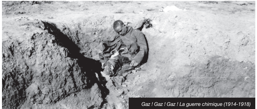
Gaz ! Gaz ! Gaz ! La guerre chimique (1914-1918)

Historial de la Grande Guerre, Péronne – www.historical.org
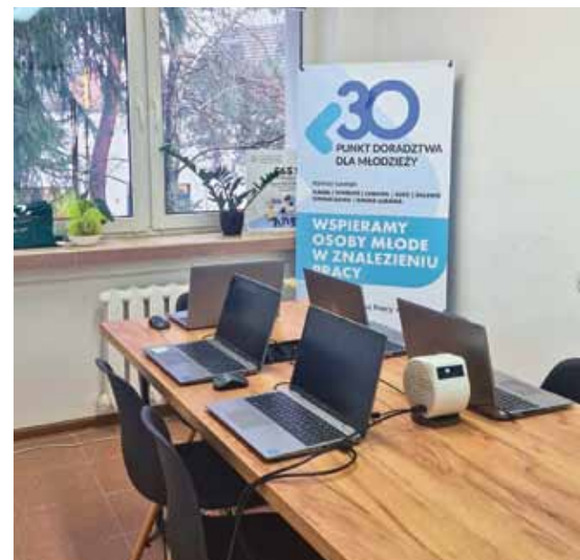
Sala w Inkubatorze Technologicznym w Iławie, w której odbywają się darmowe warsztaty z kompetencji cyfrowych

Możliwość zwrotu kosztów dojazdu w sytuacji, gdy prak-
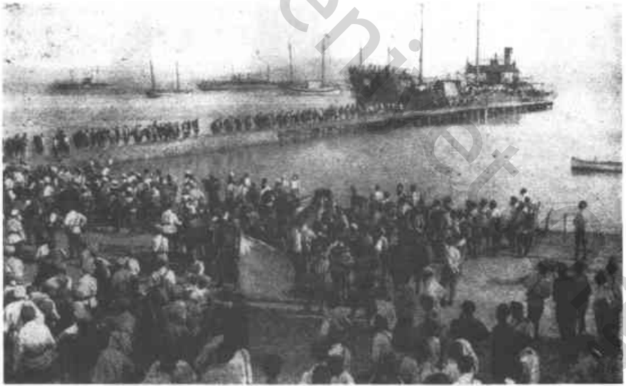
Res. 12 – İlk Suvari Birliğinin Sırbistana Hareketi

=====

_Work task_: Only the text of the records is to be reproduced exactly; skip the pictures.

_Answer below_:
Gaz ! Gaz ! Gaz ! La guerre chimique (1914-1918)

Historial de la Grande Guerre, Péronne – www.historical.org
Sala w Inkubatorze Technologicznym w Iławie, w której odbywają się darmowe warsztaty z kompetencji cyfrowych

Możliwość zwrotu kosztów dojazdu w sytuacji, gdy prak-
Res. 12 – İlk Suvari Birliğinin Sırbistana Hareketi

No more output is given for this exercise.